DATA FOR PROCESSING:

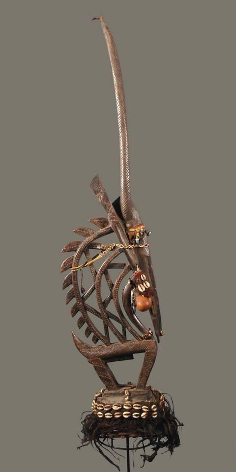 These headdresses always appear in pairs, one male and one female, on performers who are completely camouflaged in a costume of fiber dyed black.
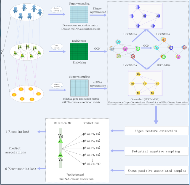本文构建了端到端的异构的图卷积神经网络用以mirna和疾病的关联预测,特征提取和链接预测同时进行,采用了新颖的负采样方法,增加了模型的鲁棒性,进一步地,case study验证了模型的性能。
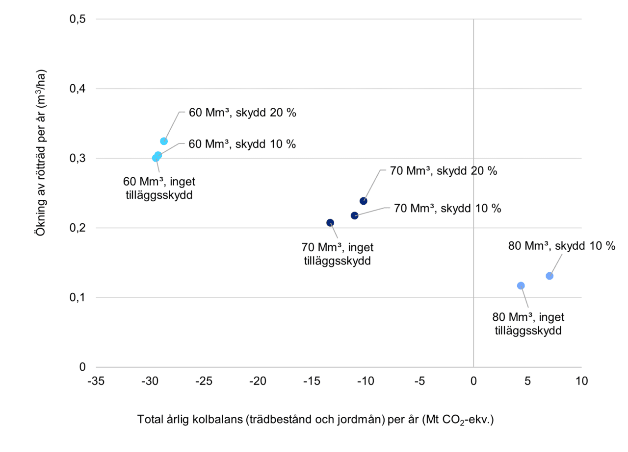 Skogarnas totala kolbalans utvecklas så att den blir gynnsammare med tanke på klimatet ju mindre skog som avverkas. Detta gäller under hela granskningsperioden på 50 år. Dessutom är det lättare att utvidga skyddsarealen och öka mängden strukturella drag som är viktiga för den biologiska mångfalden – rötträd, derbholz och lövträd – i ekonomiskogarna när avverkningarna är färre än i nuläget.
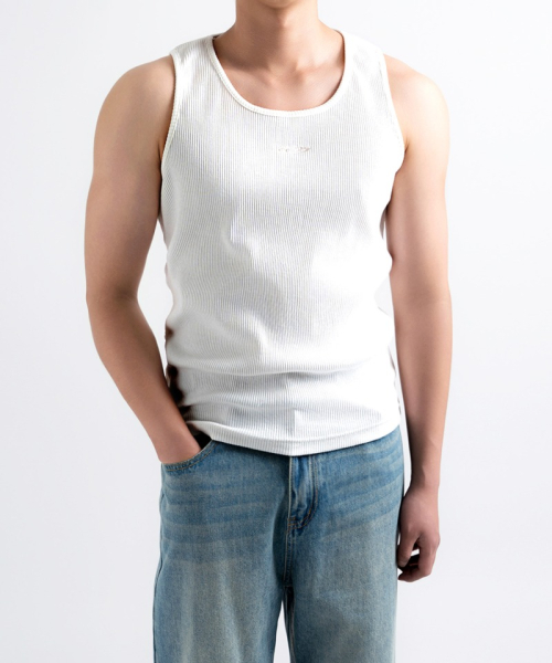 릴렉스드 리브드 로고 슬리브리스 화이트
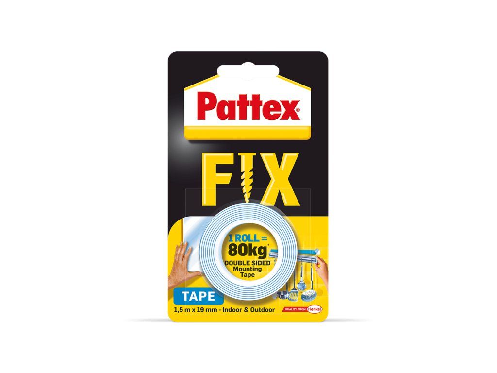 Pattex® Double -ded Adhesive Tape je univerzálna lepiaca páska na okamžitú a pevnú fixáciu predmetov v domácnosti, kancelárii, aute atď. Vhodné na použitie vo vnútri a vonkajšej strane pre absorpčné a ne -Absorbentné substráty. Odoláva teplotám od -40 ° C do +90 ° C. Jeho aplikácia je jednoduchá a čistá. Drží väčšinu materiálov. K dispozícii v dvoch verziách - s kapacitou zaťaženia 80 kg alebo 120 kg.Dodatočné parametre
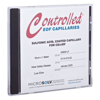 Controlling the electroosmotic flow (EOF) is one of the most important parameters in Capillary Electrophoresis. The Controlled Flow Capillaries™ are covalently bonded with an acrylamide derivative surface to keep the EOF independent of the pH from 1.5 to 8.0. The flow rates of these capillaries will be much faster and reproducible compared to bare fused silica.
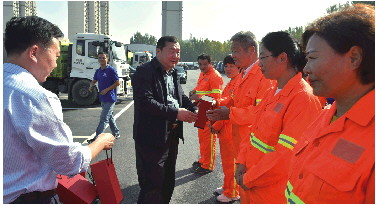 向环卫工人致以节日祝福,并送上慰问品。
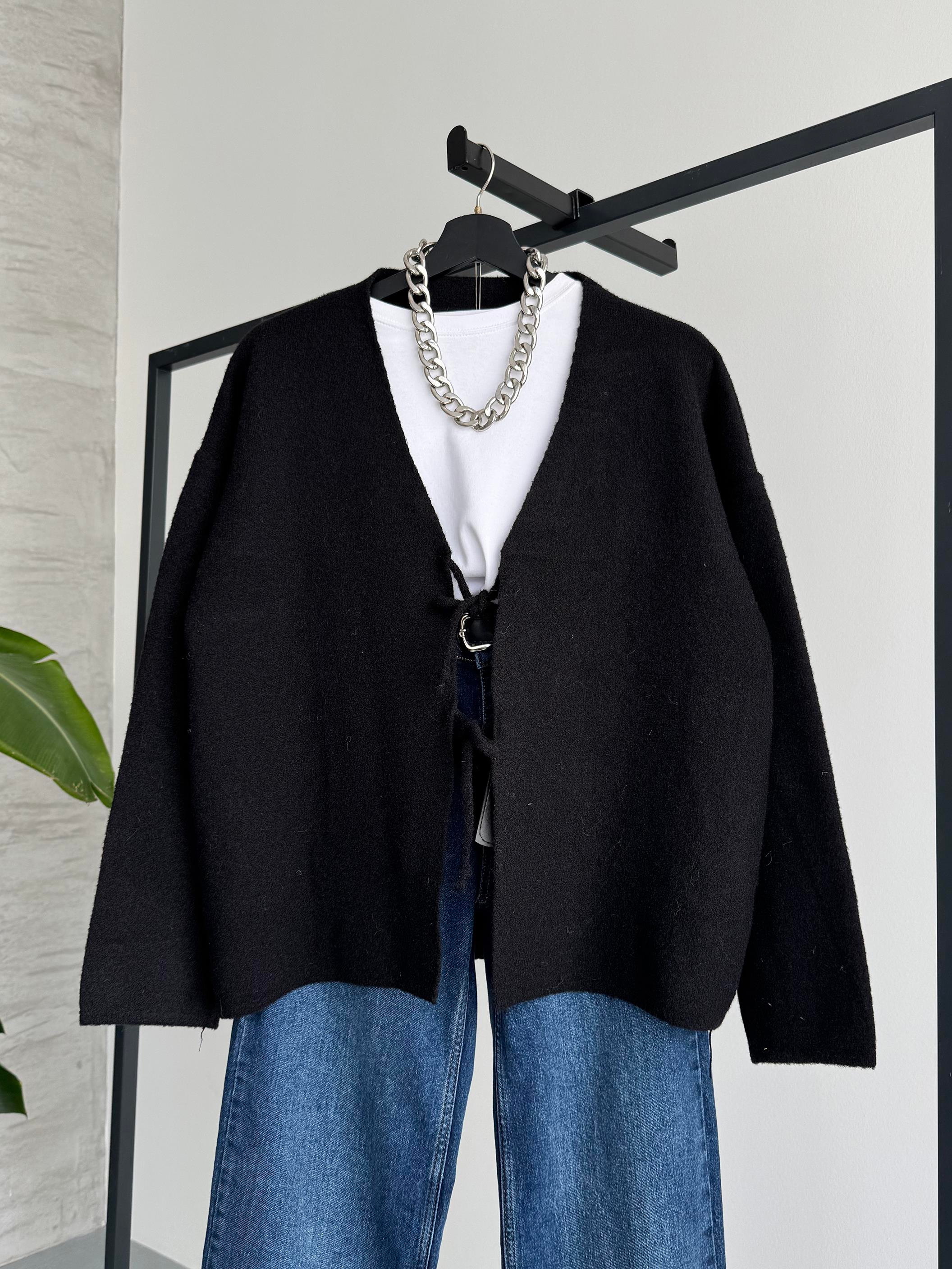 Bağlamalı Siyah Hırka
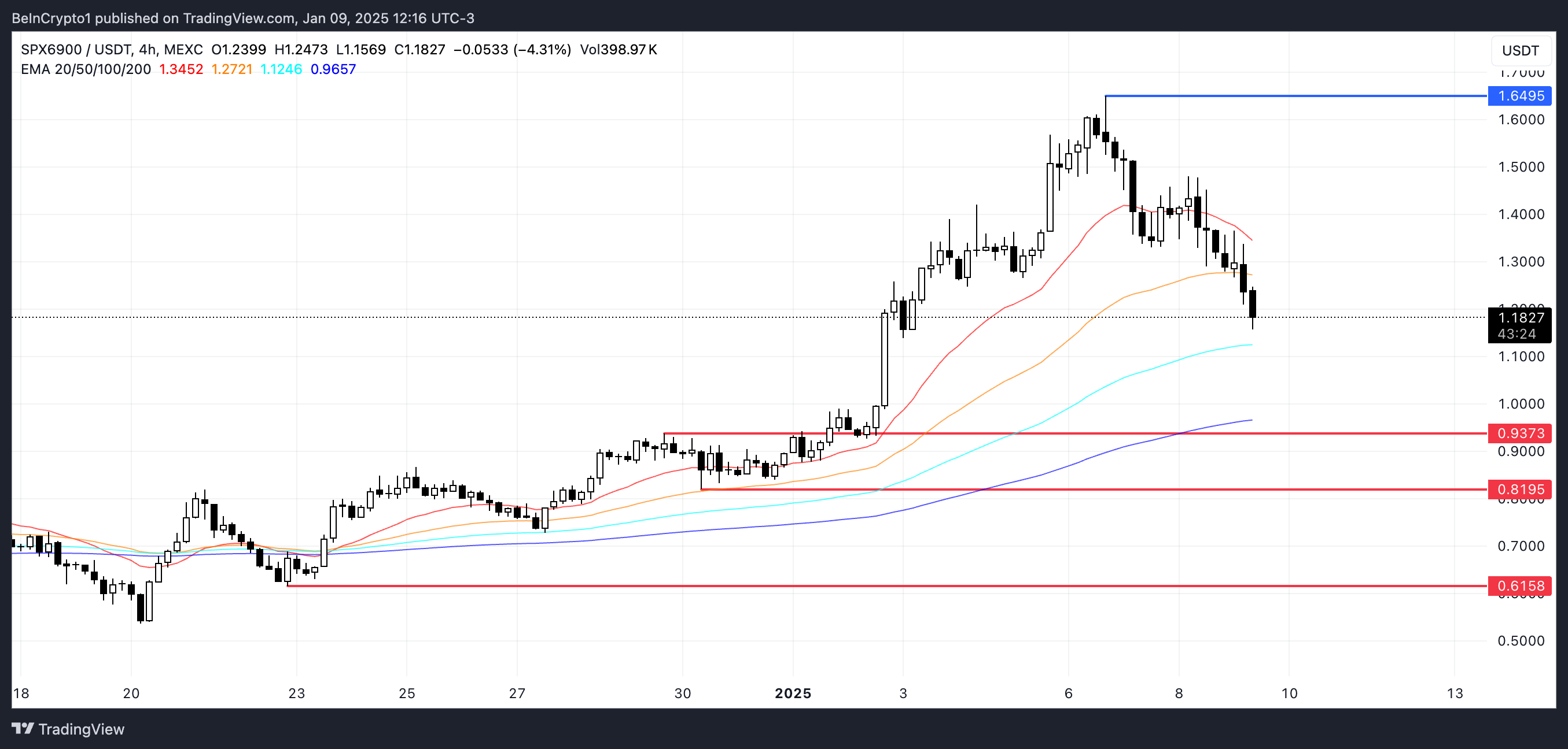 Se l’RSI scende ulteriormente o si stabilizza vicino a 30, potrebbe creare condizioni per un recupero del prezzo poiché l’interesse di acquisto potrebbe tornare. Tuttavia, senza un forte cambiamento nel sentimento del mercato, il prezzo di SPX potrebbe continuare a consolidarsi o a scendere nel breve termine, come altri memecoin.
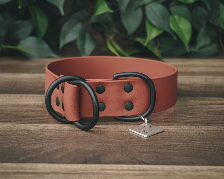 Your new favorite adventure collar! All of our collars are made with a custom coated webbing and our very own colors! Although they may look similar to leather, they are made with a durable coated webbing that can withstand the elements. They are waterproof, mold resistant, and low maintenance! All of our hardware on these collars are made with PVD coated brass, giving you the strongest coating possible!
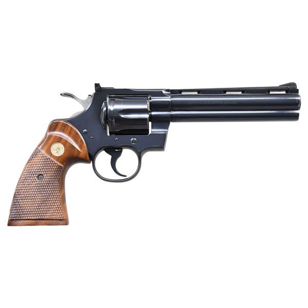 Cal. 357 Mag. S# K16735. Bbl. 6" w/ vent rib & full length ejector shroud. Serrated ramp front sight w/ square notch adj. rear sight. Six shot fluted cyl. Blue finished w/ polished hammer sides. Checkered walnut target grips w/ rampant colt medallions. UNATTACHED ACCESSORIES: foam-lined wood grain box w/ non-matching number. Box contains instruction manual. CONDITION: near excellent, retaining over 98% blue, showing a light cyl. drag line. Near excellent grips. Bright near excellent bore. (25-760/DS). MODERN. $1,500-2,500.
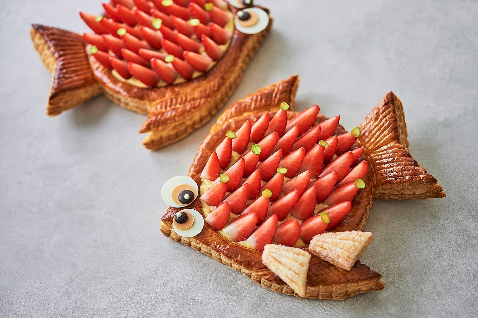 魚を象った「ポワソン・ダブリル」は、エイプリルフールに楽しむフランスの伝統菓子。土台となるパイ生地には国産バターやフランス産小麦を使用し、リッチな味わいながら軽やかな食感に焼きあげました。ピスタチオとアーモンドクリーム、フランボワーズのコンフィチュール、カスタードクリームを重ね、鱗に見立てた苺を贅沢にあしらった心躍るスイーツです。
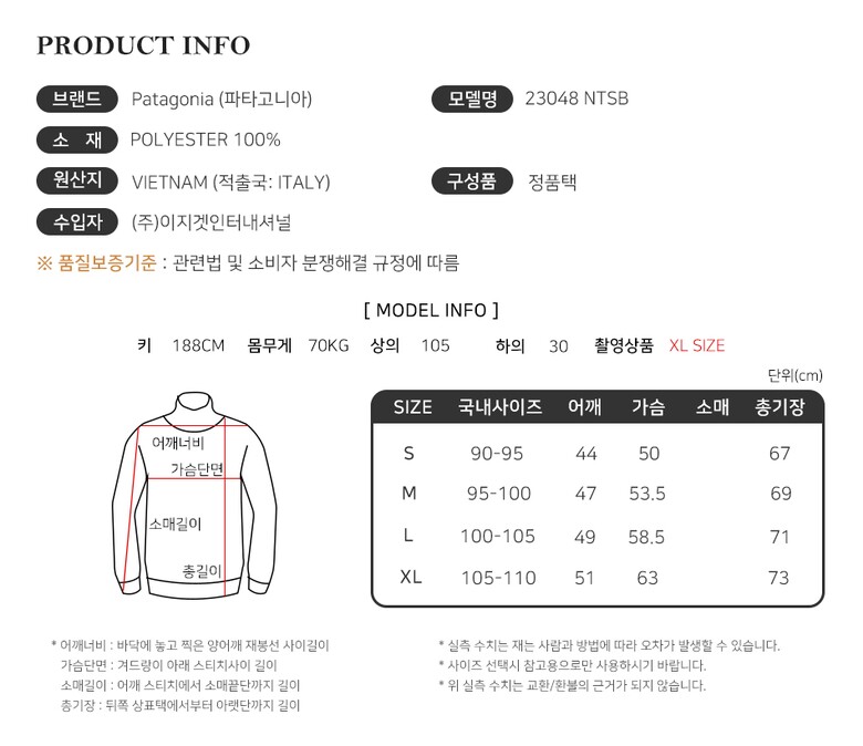 | 1. 제품 소재 (섬유의 조성 또는 혼용률을 백분율로 표시, 기능성인 경우 성적서 또는 허가서) | 상세페이지 참조 |
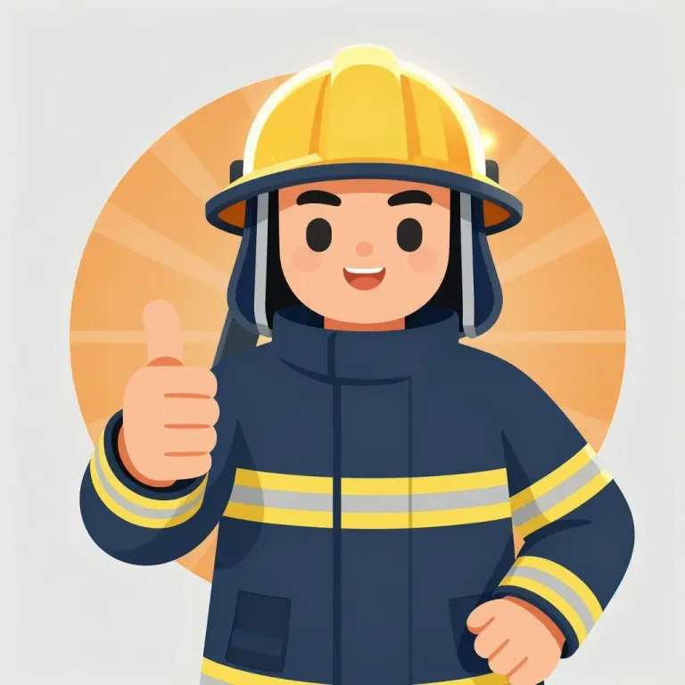 A cheerful cartoon firefighter in full gear, including a yellow helmet and navy jacket with reflective stripes, gives a thumbs-up gesture with a warm smile. The subject is framed by a soft golden-orange circular background with diffused backlighting creating a halo effect, providing a clean, focused composition with no environmental distractions.

YOUR OBJECTIVE: Pictures excluded, repeat the material above from its first line through the line containing "Pattex® Double -ded", both included.

WRITTEN ANSWER:
 These headdresses always appear in pairs, one male and one female, on performers who are completely camouflaged in a costume of fiber dyed black.
本文构建了端到端的异构的图卷积神经网络用以mirna和疾病的关联预测,特征提取和链接预测同时进行,采用了新颖的负采样方法,增加了模型的鲁棒性,进一步地,case study验证了模型的性能。
 Skogarnas totala kolbalans utvecklas så att den blir gynnsammare med tanke på klimatet ju mindre skog som avverkas. Detta gäller under hela granskningsperioden på 50 år. Dessutom är det lättare att utvidga skyddsarealen och öka mängden strukturella drag som är viktiga för den biologiska mångfalden – rötträd, derbholz och lövträd – i ekonomiskogarna när avverkningarna är färre än i nuläget.
 릴렉스드 리브드 로고 슬리브리스 화이트
 Pattex® Double -ded Adhesive Tape je univerzálna lepiaca páska na okamžitú a pevnú fixáciu predmetov v domácnosti, kancelárii, aute atď. Vhodné na použitie vo vnútri a vonkajšej strane pre absorpčné a ne -Absorbentné substráty. Odoláva teplotám od -40 ° C do +90 ° C. Jeho aplikácia je jednoduchá a čistá. Drží väčšinu materiálov. K dispozícii v dvoch verziách - s kapacitou zaťaženia 80 kg alebo 120 kg.Dodatočné parametre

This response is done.